Serious path traversal bug found in Microsoft's NLWeb "Agentic Web" tool

Security researcher Aonan Guan discovered the vulnerability after recognising a Python programming language function, os.path.normpath, used for sanitisation of user input, in the NLWeb's open-source code.

Testing confirmed that the function allows users to move out of their intended directory, by using ../ sequences.

Guan set up a test server, sent a command with URL-encoded traversal sequences, and was able to access system files.

The command displayed the contents of the test system's password file, but could be used to access others as well, including application programming interface keys for AI models, and server configuration, Guan said.

A consequence of being able to access the API keys for large language models (LLMs) is that attackers can "steal" an agent's ability to think reason and act.

This, Guan said, has the potential to lead to massive financial loss from API abuse, or the creation of a malicious clone of the agent. 
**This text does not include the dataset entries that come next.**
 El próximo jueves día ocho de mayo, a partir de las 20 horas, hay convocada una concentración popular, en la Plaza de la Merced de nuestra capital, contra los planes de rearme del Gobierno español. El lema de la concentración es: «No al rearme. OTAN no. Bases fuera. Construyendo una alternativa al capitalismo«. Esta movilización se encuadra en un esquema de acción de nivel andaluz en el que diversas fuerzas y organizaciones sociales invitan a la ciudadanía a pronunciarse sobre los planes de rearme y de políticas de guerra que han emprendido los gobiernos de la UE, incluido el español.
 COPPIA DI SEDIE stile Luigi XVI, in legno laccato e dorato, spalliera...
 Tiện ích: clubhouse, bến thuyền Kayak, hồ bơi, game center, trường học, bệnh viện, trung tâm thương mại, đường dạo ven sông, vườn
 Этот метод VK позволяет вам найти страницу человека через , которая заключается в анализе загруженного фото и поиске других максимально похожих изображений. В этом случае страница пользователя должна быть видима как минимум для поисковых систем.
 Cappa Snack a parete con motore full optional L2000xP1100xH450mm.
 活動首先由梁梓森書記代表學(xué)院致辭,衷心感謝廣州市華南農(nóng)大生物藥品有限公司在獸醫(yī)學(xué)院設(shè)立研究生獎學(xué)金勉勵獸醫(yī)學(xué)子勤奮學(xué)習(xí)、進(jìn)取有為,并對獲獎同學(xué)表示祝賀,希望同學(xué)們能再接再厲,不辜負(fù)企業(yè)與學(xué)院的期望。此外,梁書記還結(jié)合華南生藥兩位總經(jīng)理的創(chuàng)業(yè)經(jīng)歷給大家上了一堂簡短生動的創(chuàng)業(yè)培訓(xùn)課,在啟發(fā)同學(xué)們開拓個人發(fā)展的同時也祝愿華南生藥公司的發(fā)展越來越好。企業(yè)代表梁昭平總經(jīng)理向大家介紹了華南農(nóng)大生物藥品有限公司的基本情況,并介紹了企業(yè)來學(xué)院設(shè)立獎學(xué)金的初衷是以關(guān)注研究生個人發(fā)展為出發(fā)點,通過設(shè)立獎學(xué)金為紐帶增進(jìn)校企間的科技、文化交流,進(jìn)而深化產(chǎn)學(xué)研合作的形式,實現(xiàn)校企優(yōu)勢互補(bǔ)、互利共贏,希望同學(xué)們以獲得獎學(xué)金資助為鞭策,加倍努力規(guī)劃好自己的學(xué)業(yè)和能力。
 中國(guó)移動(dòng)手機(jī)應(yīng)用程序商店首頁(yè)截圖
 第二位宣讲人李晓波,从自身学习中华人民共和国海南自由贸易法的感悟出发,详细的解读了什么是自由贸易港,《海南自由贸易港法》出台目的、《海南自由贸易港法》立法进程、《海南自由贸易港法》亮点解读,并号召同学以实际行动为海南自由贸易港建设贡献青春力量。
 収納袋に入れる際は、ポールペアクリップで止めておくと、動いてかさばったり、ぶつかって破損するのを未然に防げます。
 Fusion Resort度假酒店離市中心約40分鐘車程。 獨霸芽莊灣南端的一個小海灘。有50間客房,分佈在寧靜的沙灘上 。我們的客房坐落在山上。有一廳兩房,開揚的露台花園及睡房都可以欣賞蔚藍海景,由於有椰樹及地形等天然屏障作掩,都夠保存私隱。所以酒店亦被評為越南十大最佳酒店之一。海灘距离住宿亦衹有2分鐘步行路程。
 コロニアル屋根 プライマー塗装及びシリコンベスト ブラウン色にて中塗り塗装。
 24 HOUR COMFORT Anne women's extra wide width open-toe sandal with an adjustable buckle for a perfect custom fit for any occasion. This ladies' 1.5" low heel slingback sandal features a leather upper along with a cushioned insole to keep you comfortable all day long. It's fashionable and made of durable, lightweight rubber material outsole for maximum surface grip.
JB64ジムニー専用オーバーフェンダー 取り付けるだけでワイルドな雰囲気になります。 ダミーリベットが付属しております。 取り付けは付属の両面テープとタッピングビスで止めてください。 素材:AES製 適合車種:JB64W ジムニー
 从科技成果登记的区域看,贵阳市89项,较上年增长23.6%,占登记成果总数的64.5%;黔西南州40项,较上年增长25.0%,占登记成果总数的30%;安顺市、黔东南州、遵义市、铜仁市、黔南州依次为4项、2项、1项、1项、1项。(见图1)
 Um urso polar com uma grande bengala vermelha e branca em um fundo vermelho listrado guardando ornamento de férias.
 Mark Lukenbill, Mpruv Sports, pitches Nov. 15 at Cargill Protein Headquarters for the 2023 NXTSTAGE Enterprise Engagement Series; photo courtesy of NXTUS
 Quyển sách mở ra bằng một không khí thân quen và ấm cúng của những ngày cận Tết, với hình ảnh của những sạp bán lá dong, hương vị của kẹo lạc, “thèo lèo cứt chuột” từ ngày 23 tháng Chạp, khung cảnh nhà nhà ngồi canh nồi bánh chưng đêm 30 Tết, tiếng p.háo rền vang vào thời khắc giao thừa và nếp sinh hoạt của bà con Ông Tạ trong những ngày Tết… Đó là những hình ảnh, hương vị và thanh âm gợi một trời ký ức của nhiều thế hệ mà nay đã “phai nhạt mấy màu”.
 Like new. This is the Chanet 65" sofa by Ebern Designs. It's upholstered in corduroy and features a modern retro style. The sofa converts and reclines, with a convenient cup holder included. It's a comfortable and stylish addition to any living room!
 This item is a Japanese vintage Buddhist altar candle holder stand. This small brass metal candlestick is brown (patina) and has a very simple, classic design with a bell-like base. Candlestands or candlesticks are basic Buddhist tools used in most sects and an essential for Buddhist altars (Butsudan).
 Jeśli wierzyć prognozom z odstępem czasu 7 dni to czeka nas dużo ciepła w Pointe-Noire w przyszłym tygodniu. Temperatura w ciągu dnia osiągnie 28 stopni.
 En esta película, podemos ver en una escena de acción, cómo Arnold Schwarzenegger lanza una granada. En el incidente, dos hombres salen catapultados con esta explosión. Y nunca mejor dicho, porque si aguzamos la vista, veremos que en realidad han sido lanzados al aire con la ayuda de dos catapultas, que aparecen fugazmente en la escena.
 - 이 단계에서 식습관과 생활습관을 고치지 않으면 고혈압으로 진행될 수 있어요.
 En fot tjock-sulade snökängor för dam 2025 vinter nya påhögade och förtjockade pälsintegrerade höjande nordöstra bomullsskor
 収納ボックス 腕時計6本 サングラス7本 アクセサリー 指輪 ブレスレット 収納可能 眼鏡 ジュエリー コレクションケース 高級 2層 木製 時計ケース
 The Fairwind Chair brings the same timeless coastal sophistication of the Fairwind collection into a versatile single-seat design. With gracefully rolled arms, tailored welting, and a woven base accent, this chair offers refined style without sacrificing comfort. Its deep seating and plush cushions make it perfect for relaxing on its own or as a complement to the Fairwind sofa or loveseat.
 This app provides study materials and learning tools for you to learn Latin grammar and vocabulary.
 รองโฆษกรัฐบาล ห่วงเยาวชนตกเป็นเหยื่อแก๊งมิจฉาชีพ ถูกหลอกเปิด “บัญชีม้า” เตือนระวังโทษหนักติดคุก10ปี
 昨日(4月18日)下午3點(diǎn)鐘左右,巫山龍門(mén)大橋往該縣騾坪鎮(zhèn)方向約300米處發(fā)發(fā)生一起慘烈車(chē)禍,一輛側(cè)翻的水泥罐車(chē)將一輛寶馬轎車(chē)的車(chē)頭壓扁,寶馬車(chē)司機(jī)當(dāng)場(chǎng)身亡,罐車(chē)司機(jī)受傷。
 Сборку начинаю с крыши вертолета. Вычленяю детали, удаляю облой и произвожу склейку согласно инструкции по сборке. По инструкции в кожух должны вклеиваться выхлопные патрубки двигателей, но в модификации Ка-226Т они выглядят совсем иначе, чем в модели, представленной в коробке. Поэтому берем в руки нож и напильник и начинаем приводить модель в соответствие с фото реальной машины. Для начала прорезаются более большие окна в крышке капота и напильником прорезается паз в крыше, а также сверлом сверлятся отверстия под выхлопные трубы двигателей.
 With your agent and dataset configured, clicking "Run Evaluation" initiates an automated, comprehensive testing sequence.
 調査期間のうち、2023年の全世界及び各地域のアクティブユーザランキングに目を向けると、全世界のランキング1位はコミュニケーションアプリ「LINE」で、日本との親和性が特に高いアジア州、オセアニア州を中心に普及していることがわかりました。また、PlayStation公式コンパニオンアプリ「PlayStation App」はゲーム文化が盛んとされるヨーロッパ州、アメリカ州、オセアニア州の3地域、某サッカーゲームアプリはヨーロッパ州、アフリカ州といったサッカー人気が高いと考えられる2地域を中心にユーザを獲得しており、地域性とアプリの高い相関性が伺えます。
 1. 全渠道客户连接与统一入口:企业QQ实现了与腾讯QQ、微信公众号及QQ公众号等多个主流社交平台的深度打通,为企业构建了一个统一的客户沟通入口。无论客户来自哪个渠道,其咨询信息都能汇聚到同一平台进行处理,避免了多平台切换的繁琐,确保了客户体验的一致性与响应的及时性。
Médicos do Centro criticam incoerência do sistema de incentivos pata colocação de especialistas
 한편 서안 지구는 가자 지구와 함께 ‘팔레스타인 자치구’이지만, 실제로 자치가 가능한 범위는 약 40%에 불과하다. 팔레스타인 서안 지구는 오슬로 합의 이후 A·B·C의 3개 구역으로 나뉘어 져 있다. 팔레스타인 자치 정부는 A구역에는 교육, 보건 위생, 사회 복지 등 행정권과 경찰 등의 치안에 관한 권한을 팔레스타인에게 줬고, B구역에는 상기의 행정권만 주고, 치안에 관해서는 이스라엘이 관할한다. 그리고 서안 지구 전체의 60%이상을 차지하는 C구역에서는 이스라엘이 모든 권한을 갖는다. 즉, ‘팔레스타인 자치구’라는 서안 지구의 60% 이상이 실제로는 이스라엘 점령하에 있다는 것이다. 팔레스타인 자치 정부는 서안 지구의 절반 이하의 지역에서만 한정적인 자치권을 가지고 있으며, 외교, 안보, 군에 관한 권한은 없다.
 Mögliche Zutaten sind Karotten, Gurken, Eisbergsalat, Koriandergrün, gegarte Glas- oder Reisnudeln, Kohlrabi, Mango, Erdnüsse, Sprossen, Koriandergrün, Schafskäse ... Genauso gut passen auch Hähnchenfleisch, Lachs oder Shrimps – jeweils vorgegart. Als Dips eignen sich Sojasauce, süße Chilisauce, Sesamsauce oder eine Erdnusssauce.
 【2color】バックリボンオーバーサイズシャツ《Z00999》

Path traversal could also force AI agents to read local files, and even maliciously crafted documents, which could poison the system's retrieval augmented generation (RAG), which could create incorrect or biased information.

NLWeb (Natural Language Web) was launched in May this year, with Microsoft describing the software as an open project "that aims to make it simple to create a rich, natural language interface for websites using the model of their choice and their own data".

It is also a model context protocol server, that follows the standard developed by Anthropic for connecting AI assistants to external data sources.

After reporting the flaw to Microsoft on May 28, the company committed a patch to the NLWeb public GitHub repository on June 30.

Guan advised organisations trying out NLWeb to update their deployments immediately, and to implement web application firewall/reverse proxy rules to blog and log any URL requests that contain encoded traversal sequences such as ..%2f.

Users should also avoid exposing the NLWeb application server directly to the public Internet and instead put it behind a hardened reverse proxy with firewall rules to restrict access, Guan said.